Germany pledges 80 million dollars for preservation of Auschwitz site

17 December 2010

The German government is to pay € 60 million (US$ 80 million) over the coming months into a fund for the preservation of the former Nazi death camp Auschwitz-Birkenau. Notably the former gas chambers and other evidence of crimes committed at the camp are deteriorating to the point of collapse. Germany is the largest of several donors contributing to the Auschwitz-Birkenau Fund, which was set up in 2009 to gather money to maintain the expanse that made up of the original camp, Auschwitz I (‘Stammlager’) and the nearby satellite camp Auschwitz III (Birkenau).

The camp was operated by the SS in occupied Poland during World War II until it was liberated on 27 January 1945 by Soviet troops. More than 1 million people, mostly Jews, died in the camp's gas chambers or through forced labor, disease or starvation. "Germany acknowledges its historic responsibility to keep the memory of the Holocaust alive and to pass it on to future generations," Foreign Minister Guido Westerwelle said in a statement. "Auschwitz-Birkenau is synonymous with the crimes of the Nazis. Today's memorial recalls these crimes."

Museum director Piotr Cywinski first issued an appeal for help in 2008, saying that € 120 million (US$ 160 million) was needed to repair the memorial site, which is widely regarded as the most powerful symbol of the Holocaust.
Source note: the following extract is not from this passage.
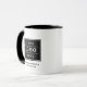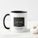 A caneca de café personalizada de duas faces apresenta o design de logotipo profissional da sua empresa juntamente com o nome comercial e outras informações que podem ser personalizadas. Basta adicionar o logotipo de sua empresa ao espaço de imagem de marcador de posição preto e incluir seu slogan, site ou outro texto preferido.

The barracks, gas chambers and other buildings are in need of urgent repair, having been worn down by the ravages of time and the pressure of more than a million visitors a year.

The US government has pledged US$ 15 million and Austria € 6 million, while smaller amounts have been promised by the Netherlands, Norway, Sweden, Switzerland, the Czech Republic, Turkey, Estonia and Malta. Most urgently in need of repair are the 45 brick barracks of the women's camp in the Birkenau section of the camp. "They are in tragic condition due to the method of their construction and due to the ground water that is washing away the ground where they were built. They are crumbling away and could collapse at any time," a spokesman for the Auschwitz Museum was quoted as saying by the news agency AP.